Philip Hobsbaum, who was a mentor figure to a group of promising young Northern Irish poets that included Derek Mahon and Michael Longley, identified Heaney’s poetic potential when Heaney was at school in Belfast. This coterie of fellow poets was vital for the young Heaney, who honed his craft by submitting early poems to the rigorous criticism of Hobsbaum and the others. Heaney has commented that the greatest thing he gained from his association with this group was their advice to trust and articulate the formative experiences of his rural Derry childhood (“Seamus Heaney”: Poetry Foundation, 2013). Mahon and Longley attempted to do something similar, preferring to comment on the trauma and tragedy of contemporary Ireland from observation of ostensibly rural scenes.
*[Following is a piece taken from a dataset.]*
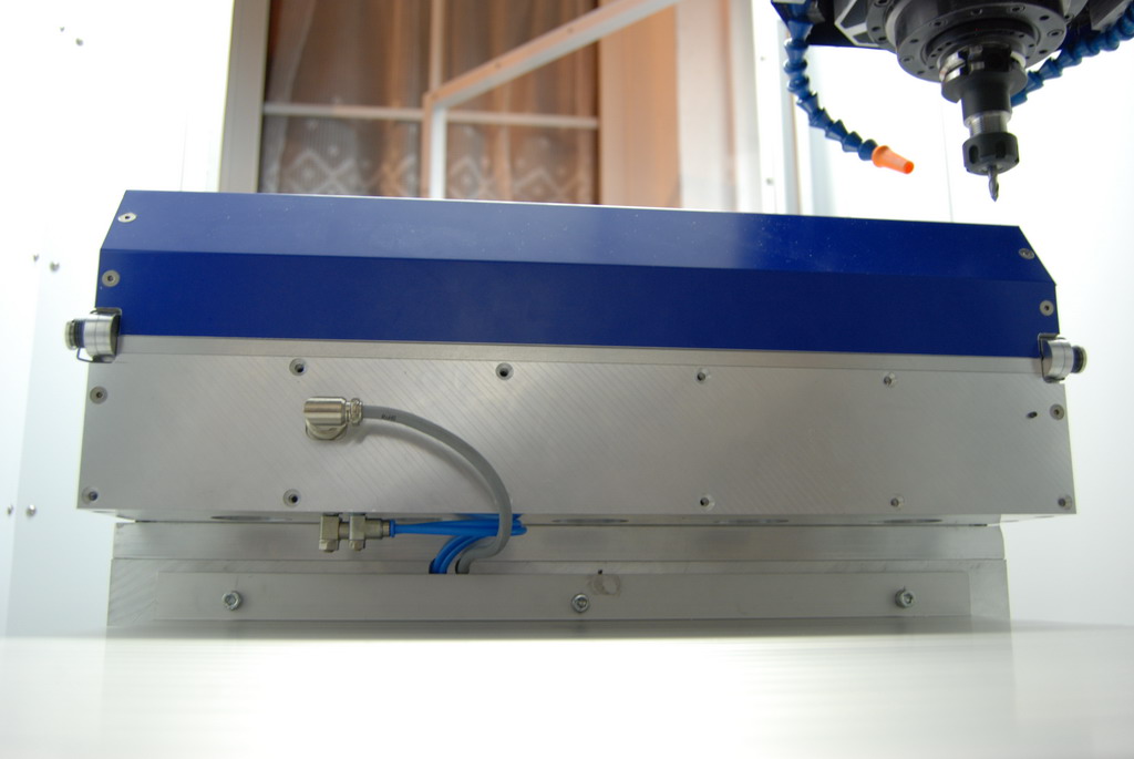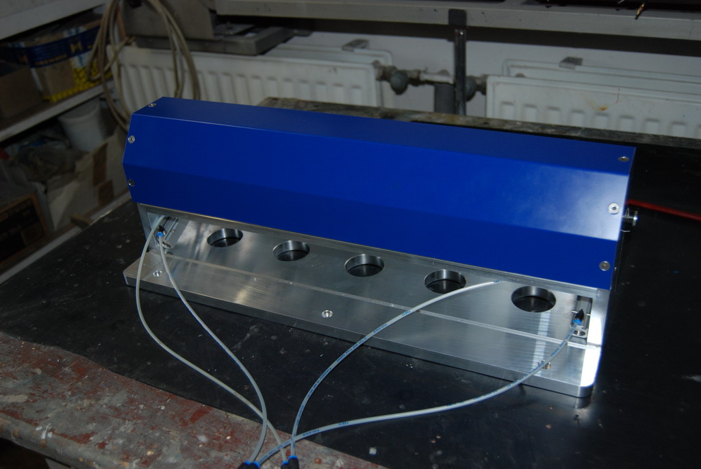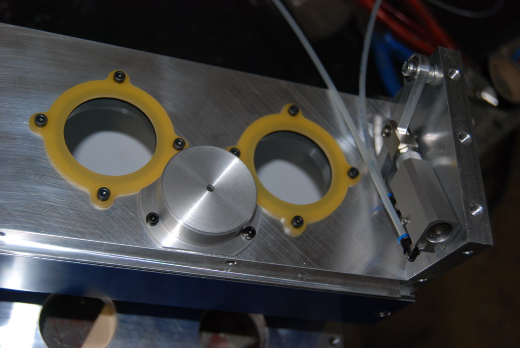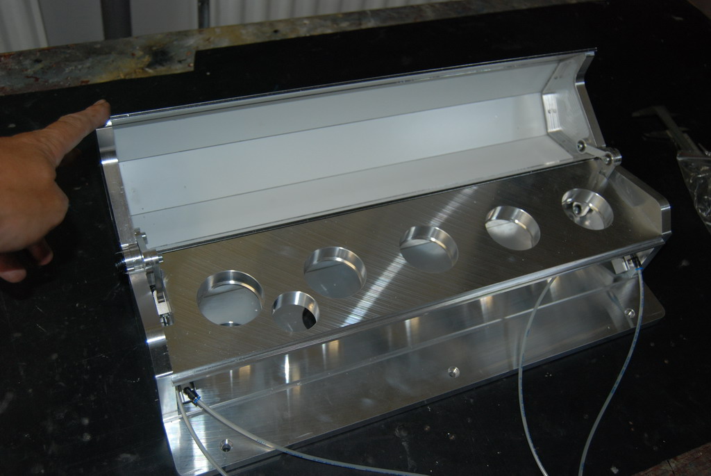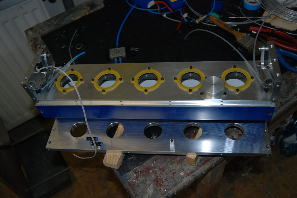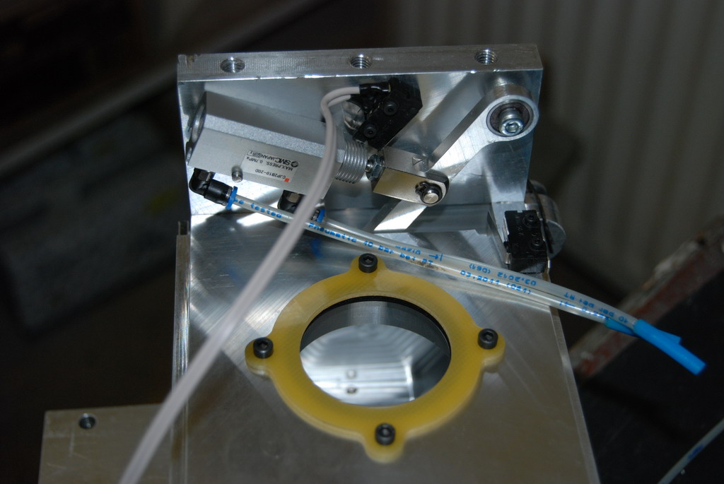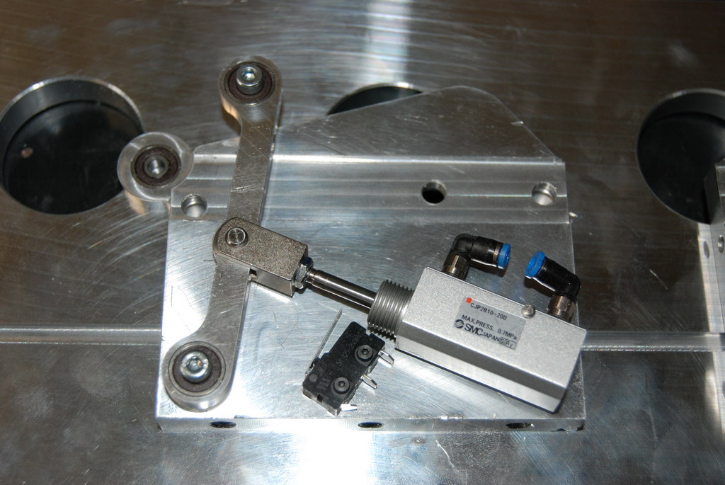 A teď se to všechno musí ošetřit tak, aby to navazovalo a hlavně ošetřit různé stavy a situace, které můžou nastat. Taky systém musí vědět, který nástroj má kde a jeho délku. Samozřejmostí je přesné změření polohy jednotlivých nástrojů po upevnění výměníku na stůl. Výměník je vyfrézován z desek od Alcomu. Pod každým nástrojem je odpružení s O kroužkem - aby nedopadal kov na kov. Otvírání krytu je vyřešeno přepákováním a dvojčinými písty SMC. To ovšem nestačilo, takže víku ještě pomáhají zkrutné pružiny a aby víko při otevřeni "nemlátilo" je tam ještě jedna pružina, která slouží jako tlumič.

Critic Neil Astley has identified this adherence to simple personal experience as a defining feature of late 20th century poetry, which celebrates “human and spiritual values instead of mirroring cultural fragmentation” (Introduction to Staying Alive, 2002).
This period of poetry also featured a preference for taking as subject matter the natural world rather than mechanization, urban life, or popular culture. For instance, Ted Hughes, Seamus Heaney’s English contemporary and friend, returned time and again to animals and nature as the sources of his poetic inspiration. Writing about rural themes could make Heaney appear conservative, but his clear discomfort with his inexpressive community, as shown in “Mid-Term Break” and in the title of the collection Death of a Naturalist, make it clear that his work does not idealize rural life. Rather, Heaney remained skeptical of pastoral poetry, drawing a distinction between a younger naïve self who simply observed nature, and the older self who tries to draw meaning from the experience. Heaney cannot be categorized as a poet of rural withdrawal; he wrote in a context of engagement with the real world with all its violence and complexity, nowhere more so than in Northern Ireland during the period of the Troubles.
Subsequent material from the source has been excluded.